Cost analysis per conversation
Here are real numbers from my latest support agent deployment:
| Component | Model | Cost per call | Calls per conversation | Total |
|---|---|---|---|---|
| Intent classification | Haiku | ₹0.03 | 3 | ₹0.09 |
| RAG retrieval | Embedding model | ₹0.005 | 3 | ₹0.015 |
| Response generation | Sonnet | ₹0.30 | 3 | ₹0.90 |
| Sentiment analysis | Haiku | ₹0.03 | 1 | ₹0.03 |
| Conversation summary | Haiku | ₹0.03 | 1 (every 3 turns) | ₹0.01 |
| Total per 3-turn conversation | ₹1.05 ($0.013) |
With Sonnet: ~₹1.05 per conversation. With Haiku throughout: ~₹0.15 per conversation.
For 500 conversations/month: ₹525 with Sonnet, ₹75 with Haiku.
The choice depends on your complexity. Technical support needs Sonnet for accurate troubleshooting. General questions can use Haiku.
Common failure modes
1. Overconfidence (most common)
The agent retrieves a partially relevant document and fills in the gaps with hallucinated details. The user gets a confident-sounding wrong answer.
Fix: Add a “I don’t know” fallback. If confidence is below 0.7, the agent says “I’m not sure about this, let me connect you with someone who can help” instead of guessing.
2. Context bleed
The agent remembers information from a previous conversation in the same session and applies it incorrectly.
Fix: Clear the conversation summary when the intent changes completely (e.g., from “billing” to “technical”).
3. Documentation gap
The user asks about a feature or scenario that isn’t documented. The agent has nothing relevant to retrieve.
Fix: Monitor retrieval failure rates. If RAG returns nothing relevant for >10% of queries, you need better documentation.
4. Escalation fatigue
The agent escalates too easily, overwhelming the human support team.

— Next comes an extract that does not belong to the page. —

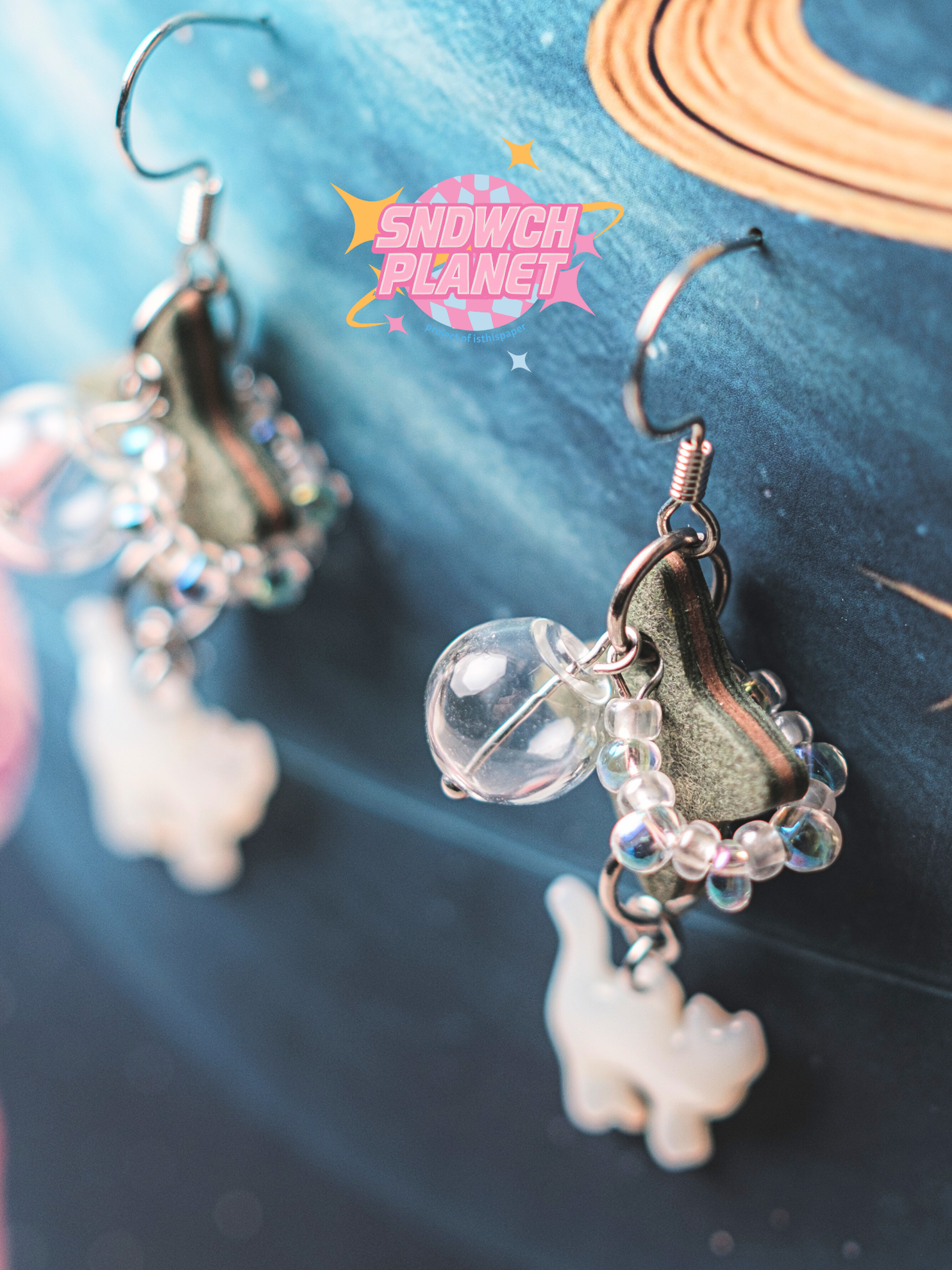 於是,我們把它們一層層壓起來,做成像三文治一樣厚厚實實的夾心耳環小吊飾,整整 六層厚!再加上一圈圈用天然碎石裝飾成的行星環🪐,每一副耳環,就是一顆你專屬的小行星。

Fix: Track your escalation rate and aim for 10-15%. If it’s higher, loosen your escalation triggers or improve your RAG.
Related: AI agent error handling patterns — retry strategies, fallback behaviors, and graceful degradation for production agents.
Also: AI agent cost optimization: 10 tips to reduce your LLM bill — keeping agent costs under control.
The architecture above looks complex, but version one is just the classification + RAG + response pipeline. Skip the escalation logic, sentiment analysis, and conversation summarizer. Add those in version two after you see where the agent actually fails. Every pattern I've shared was added in response to a real failure, not in anticipation of one.